The SPHEREx proposal was submitted to NASA on 19 December 2014, and it was selected for further conceptual development (Phase A) on 30 July 2015 for the Small Explorer program (SMEX). The detailed concept study report was submitted to NASA on 19 July 2016, but it was not selected for SMEX. An enhanced version of SPHEREx was submitted on 15 December 2016 as a Medium-Class Explorer (MIDEX), and it was selected as a finalist in August 2017, along two other competing missions: Arcus, and Fast Infrared Exoplanet Spectroscopy Survey Explorer (FINESSE). Each team received US$2 million to refine their mission concepts over nine-months.

SPHEREx was selected as the winner in February 2019, and the mission was approved to proceed with detailed planning.
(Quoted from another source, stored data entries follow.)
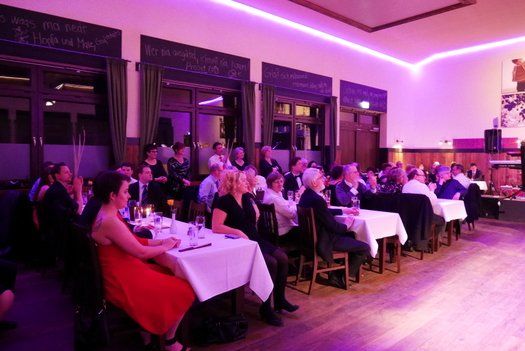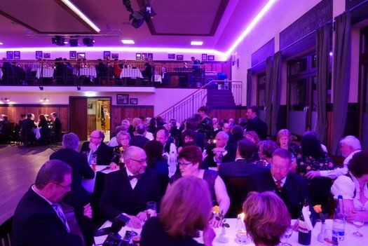 Viel, viel Platz hatten die Tänzerinnen und Tänzer in dem frisch renovierten Ballsaal, die Tischreihen waren auch für die Nichttänzer und Nurzuschauer bestens aufgestellt. Auch die Bar ist mittlerweile ebenerdig, das Treppenrisiko ist also auch minimiert. Im feinen Frack und noch feineren Abendkleid waren die Mitglieder und Freunde der Liedertafel Pfaffenhofen erschienen, um das Tanzbein zu schwingen.
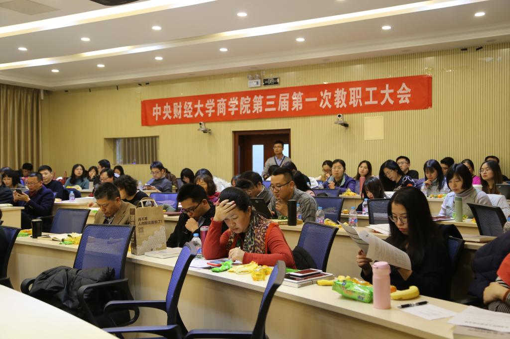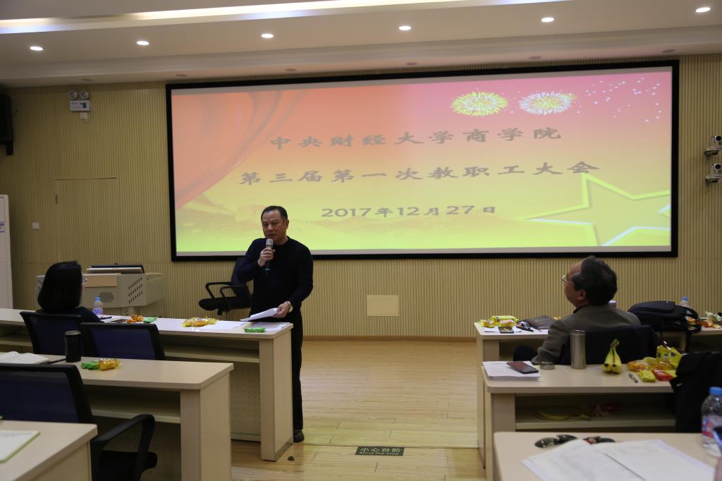 2017年12月27日,77779193永利官网在学院校区MBA教育中心阶梯教室召开第三届第一次教职工大会,77779193永利官网院长王瑞华教授、党委书记葛建新教授等学院领导出席大会,会议由分工会主席周利国教授主持。
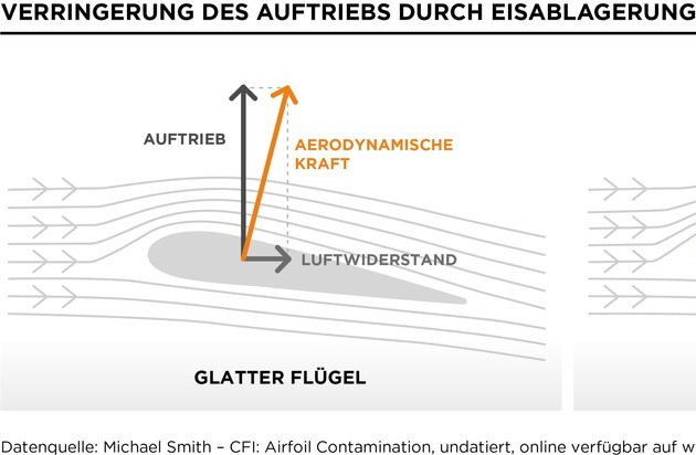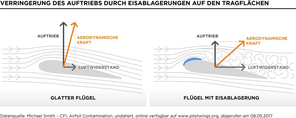 Noch gefährlicher ist, wenn Eis die Flugeigenschaften eines Flugzeuges komplett verändert. So baut sich etwa Eis nahezu unsichtbar auf den Flügeln oder am Leitwerk auf. Es verändert das Flügelprofil, so dass die Strömung am Flügel abrupt abreisst, in der Fachsprache «Stall» genannt. Und plötzlich hört das Flugzeug auf zu fliegen. Schon eine hauchdünne Eisschicht mit der Rauheit von Schleifpapier kann eine verheerende Wirkung haben, wenn sie während dem Flug die meist unsichtbare aerodynamische Trennschicht über der Oberseite des Flügels verwirbelt.
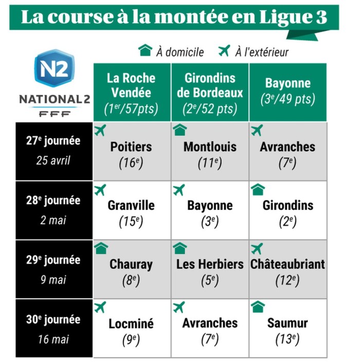L’objectif : Maintenir la pression sur le leader La Roche Vendée, au cas où, et garder le troisième Bayonne à distance en vue d’un potentiel repêchage en cas de relégations administratives… car à cinq points des Vendéens (qui vont chez le dernier Poitiers) et trois points devant les Basques (en voyage à Avranches, 7ème), les Girondins sont entre deux eaux sur cette fin de saison. Le succès à Dinan samedi dernier (1-3), une semaine après la nouvelle claque contre Lorient (2-3), permet d’entretenir un espoir d’accession directe et d’éviter un effondrement.
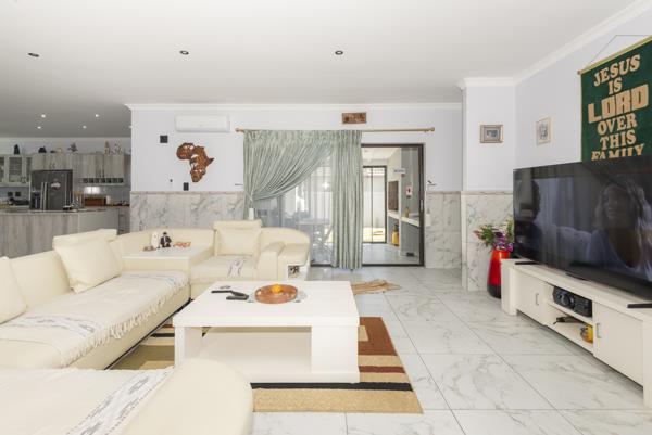 Lovingly maintained by its original owner, the home presents as brand new showcasing stylish marble floors, a beautifully appointed kitchen with engineered stone countertops, and a striking waterfall centre island. The open-plan layout creates a natural flow from the living and dining spaces to the enclosed braai room and outdoor firepit boma perfect for entertaining all year round.
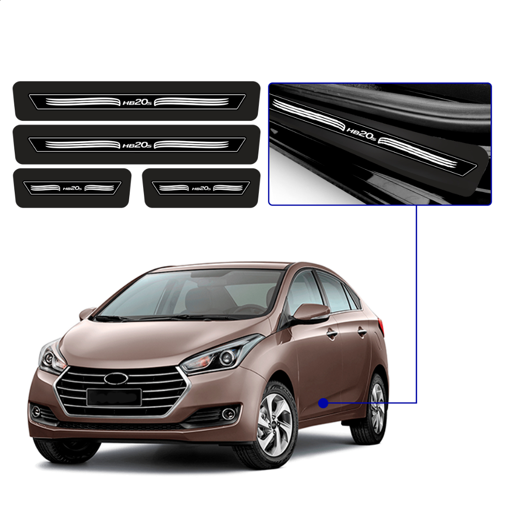 Kit 8 Peças Adesivo Soleira De Porta Hb20s Sedan 2013 À 2020
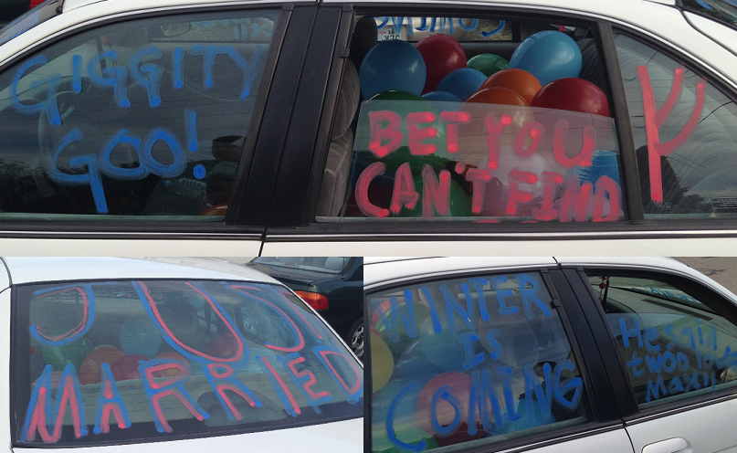 All that proved more or less irrelevant, however, because what I was really waiting for was the opportunity to tag my sister’s car. As this was my first time being involved in a wedding it was also my first opportunity to do terrible things to the couple’s getaway vehicle. When I was reminded of my sacred duty the night before the wedding, I quickly conferred with the best man. I was under the impression that this was the best man’s responsibility to own, but the best man (who, out of respect for his privacy, I will only refer to as “Matthew” had not prepared anything). I immediately undertook a midnight drive to the local Wal-Mart where I tracked down some window markers, a sizable case of balloons, and some raw fish.
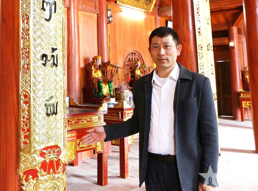 Ấn tượng với chúng tôi không chỉ là sự nhiệt tình mà là chiều sâu hiểu biết của anh. Từ lịch sử hình thành ngôi đền, cấu trúc 9 gian gắn với quan niệm vũ trụ của người Thái, đến các thành phần thờ tự, tên gọi các thần linh, các bàn thờ của 9 mường, các nghi thức trong lễ hội dâng trâu... anh đều trình bày rành mạch, hệ thống. Đặc biệt, khi dừng lại trước những dòng chữ Thái cổ còn lưu trên xà, cột, anh đọc thông thạo, giải nghĩa cặn kẽ. Trong khoảnh khắc ấy, chúng tôi hiểu rằng phía sau dáng vẻ điềm đạm của một cán bộ cơ sở là cả niềm trăn trở lớn lao với văn hóa dân tộc mình.
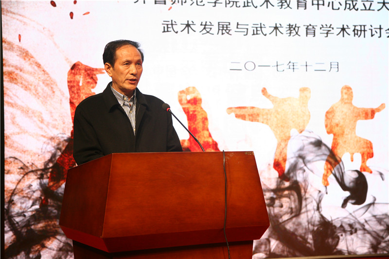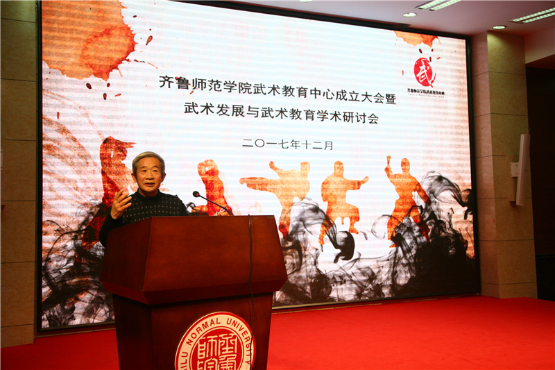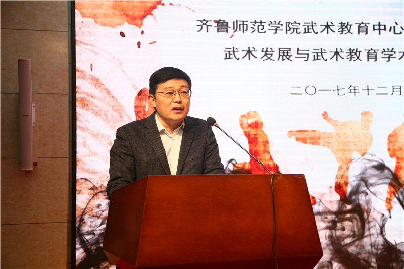 林松柏发表讲话,他指出高等学校的根本任务是“立德树人”,而武术正是在高等教育中发挥“立德树人”作用的良好载体。武术向来讲究武德,“尊师重道”、“重德尚义”、“扶危济贫”、“除暴安良”“助人为乐”,这些都是武术教育引导学生“见武明德”的重要准则,也对青少年学生培养正确的人生观、价值观、道德观有重要的指导意义。作为师范类院校,齐鲁师范学院一直致力于体育事业的发展,并取得了优异的成绩。成立武术教育中心,将聚集全校及团结国内外武术教育工作者和爱好者,继承和弘扬中华优秀传统文化,倡导和普及武术教育活动,开展武术育人理论研究与创新实践,为增强学生体质,培育学生健康体魄,促进社会主义物质文明和精神文明建设,提升文化自信水平服务。中心的成立将为全省武术教师的师资培养培训提供良好的平台,扎实有效地推进“武术进校园”工作的开展,也为我国、我省的教育、体育事业贡献力量。
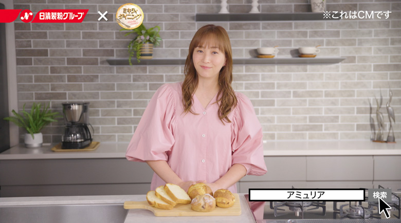 日清製粉グループの日清製粉株式会社(取締役社長:山田 貴夫)は、テレビ番組「ミキティダイニング」内のインフォマーシャル(番組連動CM)を通じて、当社が開発した高食物繊維小麦粉「アミュリア」を紹介します。インフォマーシャル内ではアミュリアのブランドアンバサダーを務めるタレントの藤本美貴さんが、アミュリアや同小麦粉を使用したパン、麺等の魅力を伝えます。番組は一都六県で放映されており、本年1月10日から3月21日までの放映各回で紹介します。
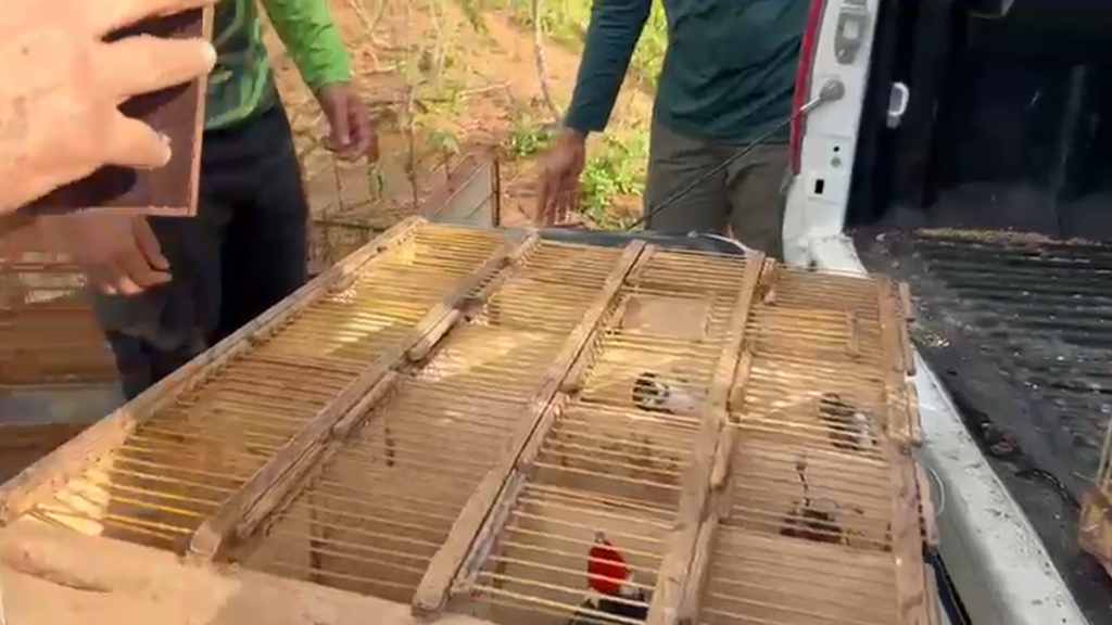 Foram apreendidas espécies como curió, papa-capim, galo-de-campina, canário-da-terra e trinca-ferro. Parte dos animais foi encontrada na residência de um dos suspeitos.
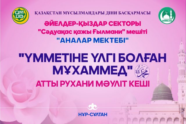 Сойндай-ақ, бүгін ҚМДБ «Әйел-қыздар» секторы «Аналар мектебі» клубының ұйымдастыруымен әйел жамағатына арналған «Үмметіне үлгі болған Мұхаммед (с.ғ.с.)» атты Мәуліт мерекесі ұлықталды.

On 4 February 2021, NASA announced they had selected the SpaceX Falcon 9 to launch the spacecraft, and total cost of the launch would be US$98.8 million. In August 2022 NASA announced that the 4 microsatellites of the PUNCH constellation would be launched as rideshare payloads together with SPHEREx. The mission launched on 11 March 2025. First light was in April 2025. Regular science operation started on 1 May 2025.

The total cost of the mission (design, build, launch, and prime operations) was $488 million.